There was a 20thcentury philosopher named Will Durant who wrote that: “conduct, deprived of its religious supports, deteriorates into epicurean chaos; and life itself, shorn of consoling faith, becomes a burden alike to conscious poverty and weary wealth. In the end a society and its religion tend to fall together, like body and soul, in a harmonious death.”

 

If our society is to survive, it must have people who know and understand and are committed to putting first the source of all that is good. We need people in this world that can boldly say no to all the other voices and concerns trying to distract them. We need people that are willing to sacrifice power, and money, and maybe even some of the respect of their peers, because they recognize that nothing is more powerful than God, nothing is more valuable, and no one’s respect is worth more than his respect. It is a tough call, but thanks be to God, in every generation there have been people who have risen to the task.

 

People like the prophets Jeremiah and Isaiah, urging their people not to put their trust in anything other than the power of their God. People like John the Baptist who understood that there is no greater danger than being separated from God. People like a little Jewish girl named Mary, whose life was so focused and centered on and open to God that he would find a home not just in her thoughts, but also in her womb.

 

Our tradition is filled with the stories of people who have had the guts to put God first. We are here today because countless ancestors heard and responded to God’s word to Moses. In a world filled with individuals and causes and philosophies and stuff, all pretending to be God, all vying for our attention, all trying to be first in our lives, there have been people that have been bold enough to say NO, I only have one God in this world, and that is the Lord. Everything else comes second to him. Everything.

 

Where would we be today without those people?

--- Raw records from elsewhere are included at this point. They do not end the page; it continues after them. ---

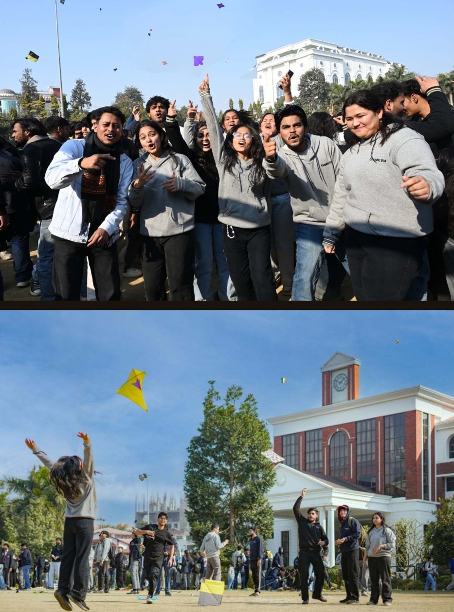 देहरादून , ग्राफिक एरा में मकर संक्रांति पर काइट फेस्ट का आयोजन किया गया। आज ग्राफिक एरा डीम्ड यूनिवर्सिटी के मेन ग्राउंड में काइट फेस्ट का आयोजन किया गया। काइट फेस्ट में बड़ी संख्या में छात्र-छात्राओं ने भाग लिया और पतंगबाजी का भरपूर आनंद लेते दिखे। हरी, नीली, लाल, पीली, तिरंगे और विभिन्न डिजाइनों की पतंगों से पूरा आसमान सजा नजर आया। कोई पूरे जोश और ध्यान के साथ चरखी संभालता दिखाई दिया तो कोई आसमान में उड़ती पतंगों पर नजरें टिकाए उन्हें काटने की कोशिश करता दिखा। पतंगबाजी के साथ साथ संगीत और नृत्य ने आयोजन को और भी जीवंत बना दिया। छात्र-छात्राओं ने संगीत की धुनों पर खूब झूमा गाया और दोस्तों के साथ काइट फेस्ट का भरपूर आनंद लिया।
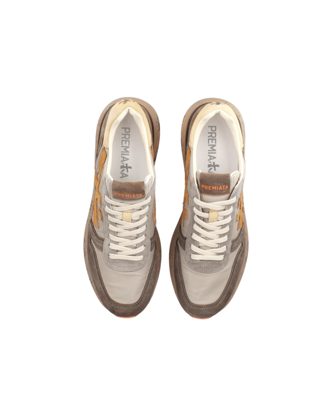 Sneakers Mick in mix di materiali e pellami di qualità. La scarpa è realizzata nella tonalità del marrone per uno stile casual. L'iconica silhouette è arricchita dal logo Premiata.
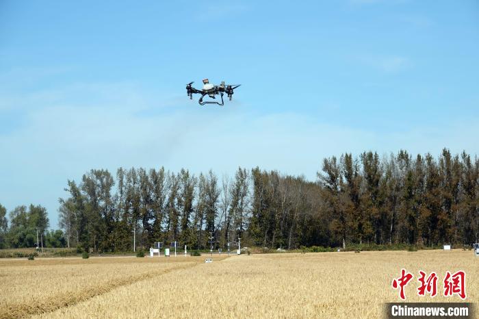 北大荒曙光農(nóng)場,項(xiàng)目團(tuán)隊(duì)用大型無人機(jī)在示范農(nóng)田上空開展相關(guān)作業(yè)。中新網(wǎng)記者 孫自法 攝
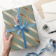 Aqui temos um papel de embrulho que tem tiras diagonais de cobre em uma cor verde-média. Este documento está disponível em vários tamanhos e corresponde a outros papéis de embalagem, papéis de tecidos, sacos de presentes e um cartão de saudação. Isso certamente fará uma adição perfeita aos seus presentes nesta temporada de festas.
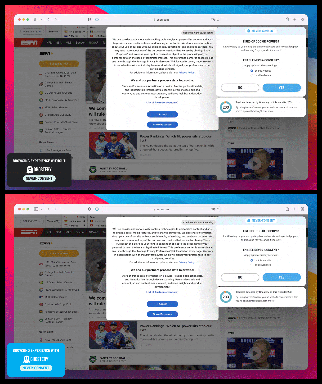 Ghostery for Safari, MacOS: Browsing experience with Never-Consent enabled vs. disabled
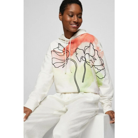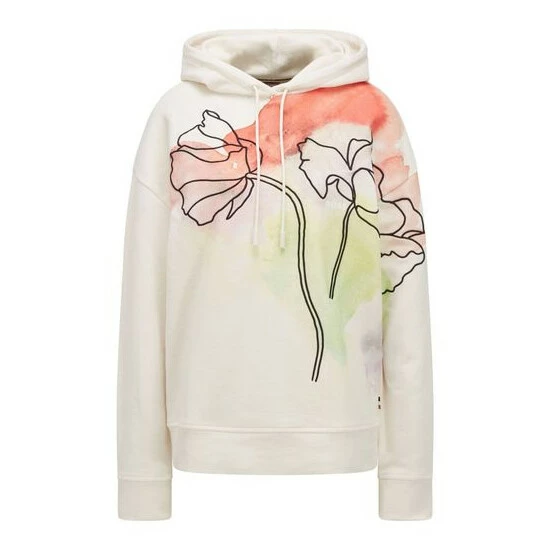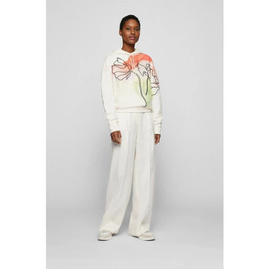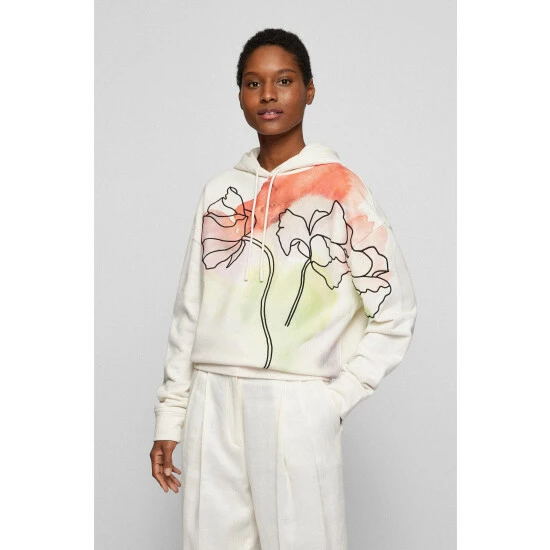 This hoodie features placed watercolour print, black lines yarn embroidery, small BOSS logo at chest, iconic stripe tape at centre back neck and as flag at left side seam.
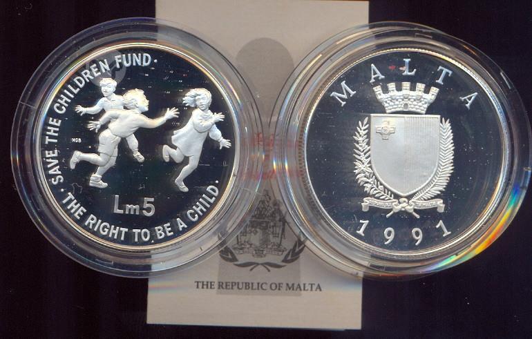 MALTA 1991 HAMES LIRI PROOF TAL FIDDA SAVE THE CHILDREN FUND (WITH BOX AND CERTIFICATE)

If Paul had decided to just focus on his tentmaking and building his business, would we have heard about the resurrection? If Augustine of Canterbury had decided that Britain was just too dangerous or too scary, would we have heard about the God of Israel? What if Saint Cuthbert said that Scotland was too cold? What if Charles Wesley had decided that there was more money in writing secular songs and who would know what a Herald Angel was anyways? What if Fulton Sheen and Billy Graham had both decided that television was too expensive a medium to tell people about the love of God? or what if Sylvester Gildersleve and Francis Wilson had decided that other things in their lives were more important than trying to start a church in some country village outside of New York called Rockville Centre?

 

In every generation we need people that can say to their children and anyone else that will listen: we have only one God, and he always comes first. That is what you are being invited to do right now. You are being invited to put God first. To give God the first fruits of your labors, not your leftovers. You are being invited to recognize that God is the true source of everything good in your life and everything good in the world. We fill out our pledge cards in church today, in mass, because doing so is an act of faith. Giving to God here will mean that we will have to say no to some other things in our lives. The amount we give, well that is between each of us and God. God knows our hearts and God also knows our finances and circumstances. We give to God based on what he asks of us, not on what someone else is giving, or what we think our fair share of the electric bill here should be. We must always remember the widow whose one coin, was worth more than all the large sums given by those with great wealth.

 

Regardless of what numbers you write on this slip of paper this morning, know this: the most powerful thing that any of us can do to transform this world we live in or to shape the lives of our children or our children’s children, is to learn how to say no to all those other voices and distractions in the world and to say yes to putting God first.